Blanco Bogs, Inc. v. Department of Revenue

14 Or. Tax 1
CourtOregon Tax Court
DecidedJune 20, 1996
DocketTC 3847
StatusPublished

This text of 14 Or. Tax 1 (Blanco Bogs, Inc. v. Department of Revenue) is published on Counsel Stack Legal Research, covering Oregon Tax Court primary law. Counsel Stack provides free access to over 12 million legal documents including statutes, case law, regulations, and constitutions.

Bluebook
Blanco Bogs, Inc. v. Department of Revenue, 14 Or. Tax 1 (Or. Super. Ct. 1996).

Opinions

Decision rendered June 20, 1996. Taxpayers collectively appeal the 1990-91 assessed farm use values for cranberry farms in Coos and Curry counties. The appeal challenges the special farm use assessment on two points: the land-to-vine ratio and gross income per acre.

The legislature has provided for special assessment of farm land to exclude value "attributable to urban influences or speculative purchases." ORS 308.345 (1).1 If sales of farm land do not meet the legislature's test for bona fide farm use, an assessor must use the income approach to value. ORS 308.345 (3). When farm lands are owner operated and there are no comparable rent figures, the appraiser must analyze the owner's actual operating income and expenses for the income approach. After determining typical net income, the appraiser capitalizes net income to determine the value of the assets producing the income. That value must then be allocated between land, at its specially assessed value, and the other income producing assets. In this case, the allocation is between land and cranberry vines, which are exempt from property taxation.
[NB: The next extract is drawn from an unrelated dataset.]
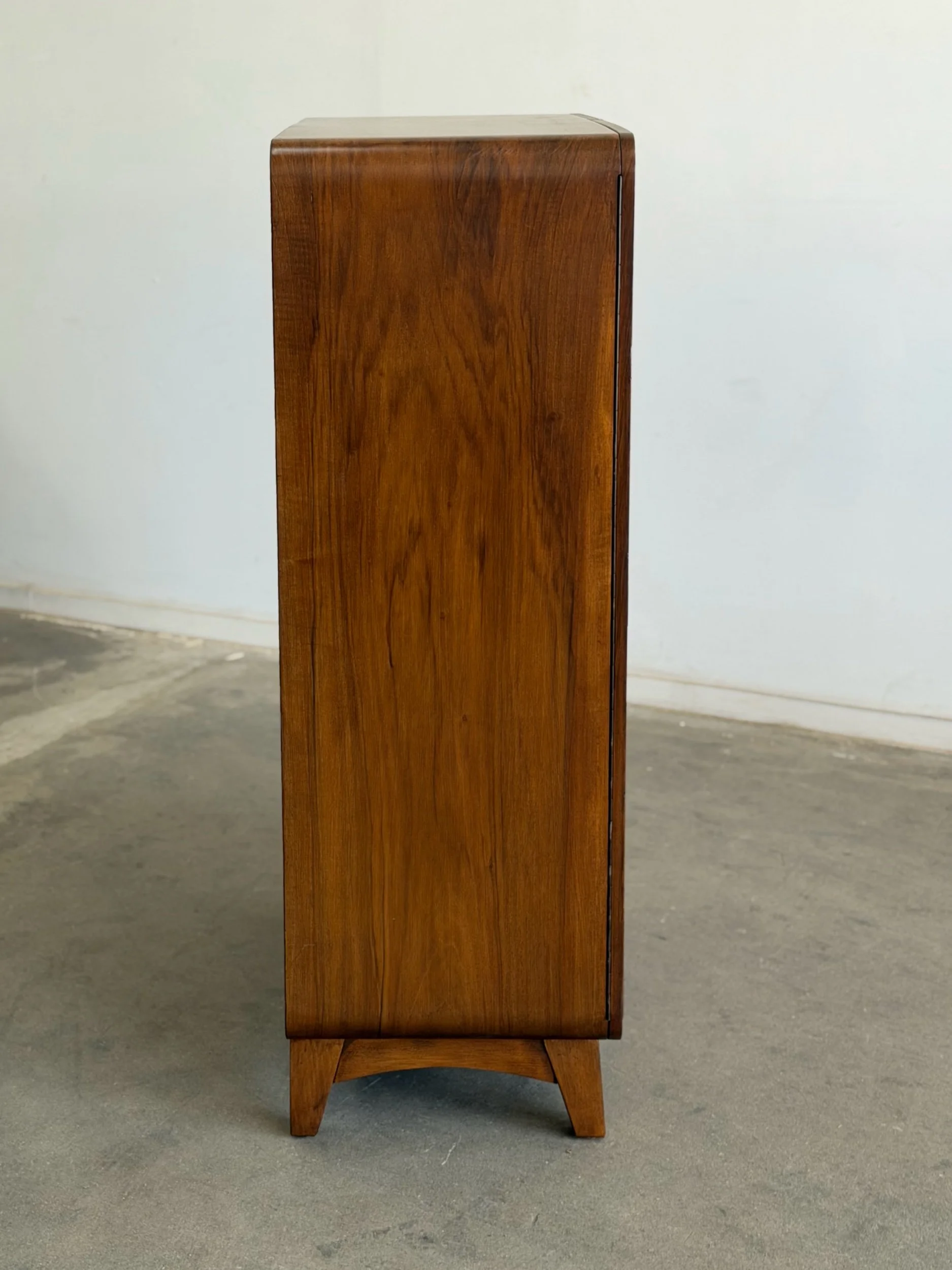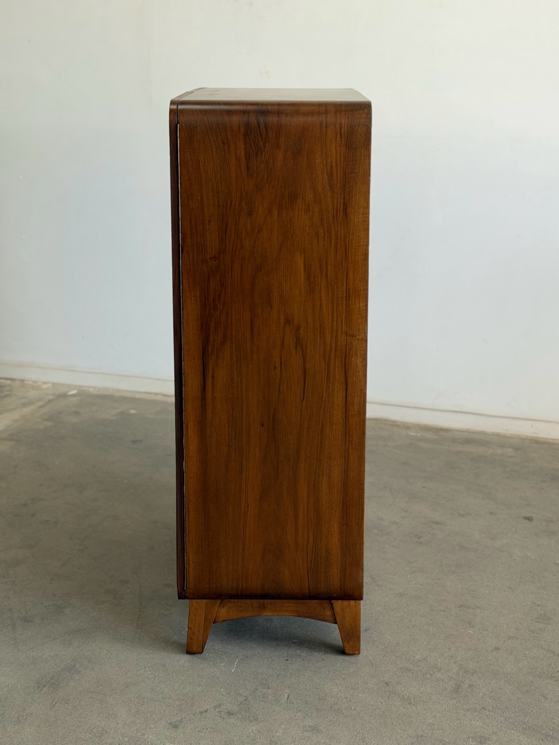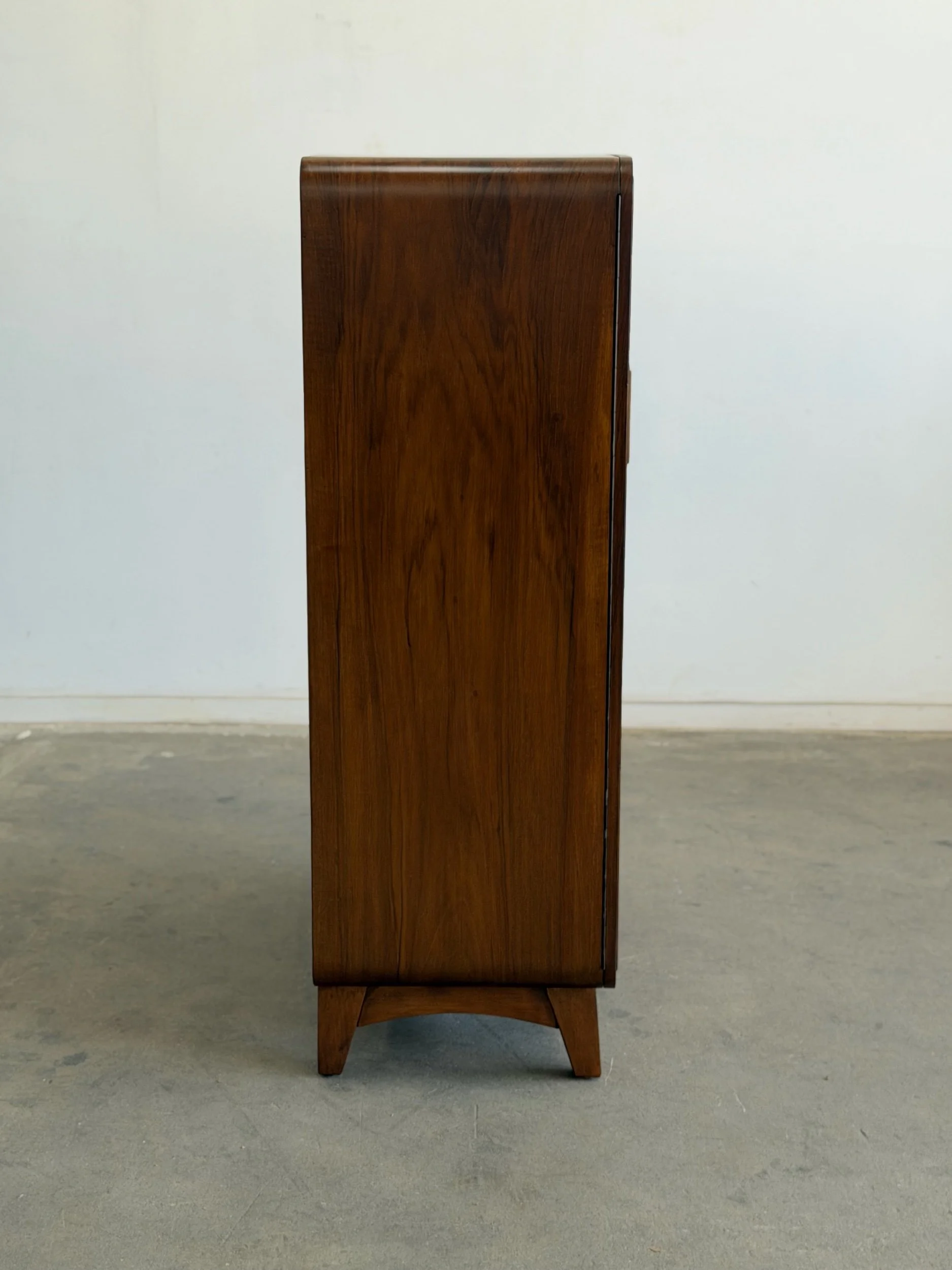 Fully restored 1950’s walnut wood wardrobe elevated with shelving for ample storage. Featuring book matched walnut veneers, creating a symmetrical, mirror grained pattern. Crafted in the European Functionalism period this unit brings a piece of history.

Using similar methods, the assessors of Coos and Curry counties arrived at different values for cranberry lands for the same year. To overcome such inconsistencies, the Department of Revenue (department) assigned a senior appraiser to perform an in-depth study and analysis of cranberry farms in the two counties. The appraiser was to determine a uniform formula that both counties could use in valuing cranberry farms. The appraiser collected significant amounts of data from taxpayers, suppliers, vendors, contractors, processors and others. The appraiser compiled and analyzed this data, and the results and his opinion are found in his report. *Page 3

Taxpayers accept most of the appraiser's findings. In a pretrial stipulation, the parties stipulated the two issues to be decided by the court. Based on the evidence submitted at trial, the court has phrased the issues as follows:

(1) In computing the land-to-vine ratio, should the expenses of "vine establishment" include expenses for a third year?
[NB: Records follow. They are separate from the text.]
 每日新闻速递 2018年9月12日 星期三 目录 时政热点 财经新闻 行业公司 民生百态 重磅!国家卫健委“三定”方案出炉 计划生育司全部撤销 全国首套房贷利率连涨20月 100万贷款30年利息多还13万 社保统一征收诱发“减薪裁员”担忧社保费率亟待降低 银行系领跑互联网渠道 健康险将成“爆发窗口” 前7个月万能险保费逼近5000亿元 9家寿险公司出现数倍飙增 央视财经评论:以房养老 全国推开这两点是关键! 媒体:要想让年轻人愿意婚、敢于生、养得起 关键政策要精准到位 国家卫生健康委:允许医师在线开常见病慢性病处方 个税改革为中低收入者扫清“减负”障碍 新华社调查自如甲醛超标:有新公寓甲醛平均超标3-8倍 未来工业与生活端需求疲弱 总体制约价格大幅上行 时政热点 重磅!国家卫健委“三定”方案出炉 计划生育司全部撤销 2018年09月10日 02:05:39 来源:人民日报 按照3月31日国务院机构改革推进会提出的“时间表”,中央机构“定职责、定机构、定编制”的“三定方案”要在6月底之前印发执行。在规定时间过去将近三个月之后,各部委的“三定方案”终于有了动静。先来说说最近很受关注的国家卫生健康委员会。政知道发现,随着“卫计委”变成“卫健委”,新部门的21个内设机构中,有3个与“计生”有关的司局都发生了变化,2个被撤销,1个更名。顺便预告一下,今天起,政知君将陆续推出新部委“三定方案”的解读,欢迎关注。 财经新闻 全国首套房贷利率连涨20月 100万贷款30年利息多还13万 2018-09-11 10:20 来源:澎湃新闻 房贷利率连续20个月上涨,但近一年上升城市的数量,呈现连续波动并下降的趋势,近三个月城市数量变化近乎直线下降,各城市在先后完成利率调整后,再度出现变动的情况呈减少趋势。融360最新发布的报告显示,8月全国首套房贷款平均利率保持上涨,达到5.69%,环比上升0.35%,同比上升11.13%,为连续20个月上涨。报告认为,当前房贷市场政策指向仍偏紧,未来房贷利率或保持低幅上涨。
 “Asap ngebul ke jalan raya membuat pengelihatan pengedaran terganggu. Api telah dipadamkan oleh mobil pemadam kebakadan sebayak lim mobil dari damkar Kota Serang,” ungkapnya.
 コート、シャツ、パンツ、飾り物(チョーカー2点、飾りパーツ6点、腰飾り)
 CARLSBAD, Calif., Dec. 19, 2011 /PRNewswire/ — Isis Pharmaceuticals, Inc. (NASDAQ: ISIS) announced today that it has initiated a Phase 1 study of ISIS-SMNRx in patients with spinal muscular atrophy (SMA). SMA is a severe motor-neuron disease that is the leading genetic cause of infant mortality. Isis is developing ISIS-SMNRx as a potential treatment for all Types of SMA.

(2) Should the average number of barrels of cranberries produced per acre be based on cranberry bog acres actually harvested or the total number of cranberry bog acres?

A brief description of a typical cranberry farm will aid in understanding the issues. A typical cranberry farm is 15 acres with 10 acres in bog and 5 acres in support land. Bogs are sculptured in the earth with level beds and diked walls to retain water. The bed of a bog usually consists of peat moss covered with sand. The peat moss holds in water and cranberry vines root in the sand. Neither the peat moss nor the sand provide any nutrients. All of the nutrients come from applied fertilizers. An irrigation system is used to water the bog, which is flooded only during and for the purpose of harvesting the cranberries. Support land surrounding the bogs is used for roadways, sand areas, water sumps or water storage, building sites, parking and other farm uses.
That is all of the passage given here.